El problema con el que nos encontramos es que si únicamente son lícitos los placeres carnales que tienen como objetivo último la reproducción, entonces no se entiende muy bien que Tomás de Aquino hable de moderación en los actos venéreos, puesto que cualquiera que no persiga tal objeto parece que habría de ser considerado vicioso, y, consecuentemente susceptible de ser calificado de lujuria. Y paralelamente, cualquier actividad genésica por intensa y frecuente que sea, siempre que lo que pretende es buscar con ahínco un embarazo, no debería ser considerada en ningún momento como inmoderada. Acaso sucede que yo no acabo de entenderlo muy bien, pero la verdad es que todo esto me resulta un tanto contradictorio.

Por otro lado, tampoco la definición que proponen nuestros padres de la Lengua aclara mucho las cosas. Hablan de apetito ilícito o desordenado. Admitamos que el apetito, vale decir, el deseo mismo, pueda ser considerado lujurioso, aunque no culmine en su satisfacción. Pero, ¿a qué se refieren con lo de ilícito? ¿Tal vez fuera del matrimonio o de la pareja firmemente establecida? Bien, pero eso podrá ser denominado adulterio o falta de lealtad, traición, &c., pero, ¿por qué lujuria? ¿Deseo o relaciones sexuales con menores? Se tratará de paidofilia, corrupción, un delito, en según qué casos y condiciones. Pero, ¿eso es la lujuria? Y otro tanto habría que decir de prácticas sexuales más o menos extrañas, eso que ahora se ha dado en llamar parafilias y que en ocasiones son auténticas perversiones sexuales. Pero lujuria…

Y yendo al otro término de la definición, ¿qué es un apetito desordenado de placeres carnales? ¿Quién establece dónde finaliza el orden y comienza el desorden, dónde la moderación para dar paso a la falta de ella? ¿Cuántas coyundas cabe considerar ordenadas y moderadas, al punto que una más nos convierte en lujuriosos?

Estamos en lo de siempre: en ese afán de gobernar la vida del prójimo diciéndole cuánto tiene que comer y cuánto tiene que fornicar; exigiéndole que lo primero lo haga sólo a base de alimentos con los que no se corra el riesgo de experimentar un placer culinario excesivo; y lo segundo, pensando en todo momento cómo se va a llamar el niño.

Yo, lo he dicho muchas veces, y lo repetiré una vez más: jamás entenderé ese empeño de considerar vicioso todo (o casi todo) aquello que resulta agradable. Se suelen dejar a un lado, es cierto, esos otros placeres que se ha dado en considerar mentales o espirituales (aunque, obviamente, también es con el cuerpo con el que se experimentan). Pero todos aquéllos en los que éste parece hallarse más directamente implicado, son automáticamente descalificados como vicio: pereza, gula, lujuria… Y, en consecuencia, no se sabe muy bien por qué, lo mejor para no excederse es renunciar completamente a ellos.

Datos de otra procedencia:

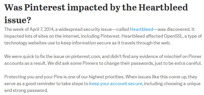 In regard to the recent Heartbleed bug discovery, I’ve received notifications from some sites, such as Tumblr and Pinterest about changing my password, however according to a post in Pinterest help, not all users may have received this email.
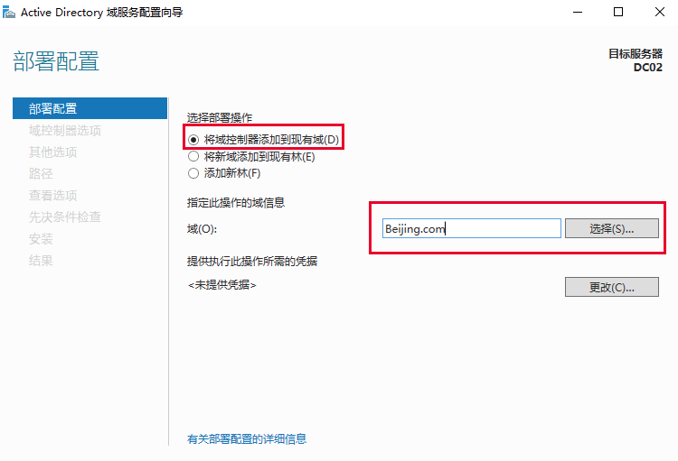 设置DC02的优先级,DC01设置为优先级最高的“1”,那么DC02的优先级设置为“2”。DC01出现故障时,DC02继续对外提供服务。最后点击【下一步】

Y cuando no se nos dice que debemos hacerlo para ganar el Cielo, se nos advierte que entregados a cultivo (particularmente en el caso de los placeres genésicos) nos asemejamos de todo en todo a las bestias comunes. Como si no fuésemos también un animal con una serie de necesidades primarias y como si en algunos aspectos no tuviésemos mucho que envidiar a ésos que llamamos bestias.

No se trata de ser un tragón irredento ni un obseso y maniaco sexual, pero cualquiera de esas dos disposiciones constituyen antes un problema psicológico que un vicio. Y si bien la templanza y la moderación son convenientes en todo, precisamente en estos dos aspectos de los que hablamos no hace ninguna falta que nos la prediquen: yo, al menos, en la medida en que mis escasas dotes gastronómicas me lo permiten, procuro deleitarme comiendo (y me reiré si alguien sostiene que soy víctima de la gula), y, por supuesto, sé cuándo he comido suficiente, y desde luego que sé también cuándo no puedo continuar practicando los divertidísimos ejercicios amatorios. Y si alguien me llamara lujurioso, le respondería que lo único que lamento es no poder serlo mucho más.